Now, don't get me wrong, anger and fear are not inherently bad.  They can let us know when something big is going on in our lives, and give us the energy to do something about it.  I suppose it's like the mentality of those of us who deployed to a combat zone.  I've heard people say they could never do it, that they'd be too afraid of what would happen.  And yet over a million people die in car crashes every year.  Would you stop driving your car because of that?  Or maybe we should all just sit in our homes, safe and sound...work from home, order food for delivery...except that still isn't enough to make us safe.  Home is where the greatest accident risks occur.

The world is not safe.  You can not make it safe.  You can not keep out the things that make us afraid.

What you can do is decide what matters enough to you, and work towards them.  Despite the risks.

And you can mitigate some of them, though you have to be careful about that.  Rockefeller, for example, helped mitigate some of the risks in the oil industry by smoothing out the rocky market (prices skyrocketing and crashing have a horrible impact on businesses)...and yet he also created a monopoly that in some ways unfairly hurt the market and others.

Insurance developed as a way to mitigate and control risk...we'd rather pay a smaller portion every month, then pay nothing and get walloped with a horrendously expensive medical bill.  Insurance helps smooth those risks out, and yet we find healthcare prices rising out of control and insurance companies play a role in that.

A perfect functioning market is, frankly, hell on human needs.  The 'perfect' economy where a company hires a worker when they need and fires when they don't is majorly disruptive for employees, who can't plan their expenses around such insecurity.  You can't take out a car loan or a mortgage if you have no idea what you're going to make from month to month.  (I suppose technically you could, but it's very risky and you'd probably have to pay a horrendous interest rate.)

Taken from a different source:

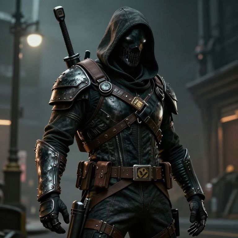 A digital CGI image of a hooded, masked figure in dark, reflective armor with metallic shoulder plates and gauntlets. The figure's face is obscured by a black mask with glowing eyes. A sword is sheathed on their back. They wear a brown leather belt with a large buckle and pouches. The background is a dimly lit, foggy urban street with blurred streetlights and buildings. The figure's stance is strong and imposing, with a slight forward lean. The color palette is predominantly dark with metallic highlights, creating a mysterious and ominous atmosphere.

It has costs to the businesses as well, in terms of training new employees and whatnot.  Ford's willingness to pay his employees well helped his business because he had less turnover, which is horribly wasteful.  But it also means that sometimes a business has to pay employees even though they don't need all of them (and who knows if that slump is temporary or the new normal?)  Btw, this was one of the issues we saw with the contract labor we hired at our last job.  It's supposed to give the business more flexibility, hire when we need and fire when we don't...but people don't work like robots.  The temps tend to be less motivated, and for good reason...we don't really have a lot of incentives for them.  Most of our leadership team would rather have one good full time employee than two or three contract/temp labor.  Of course, this could also have just been our perspective...the business apparently thought it was still a better trade off, whether because they didn't have to pay for healthcare and retirement plans on the contract labor or because they still believed it was easier to fire them as needed, I don't know.  From my perspective, it sucked.

Anyways.  Insecurity can lead to fear and anger.  We can do some things to address it.  Fear and anger can let us know when we need to be more alert, when we need to pay close attention...but we should control them, not let them control us.

Letting fear and anger take us too far just causes bigger problems down the road.

I think Frank Herbert was right, "fear is the mind killer".   And all I see from the right and left is screaming, fearful and angry people.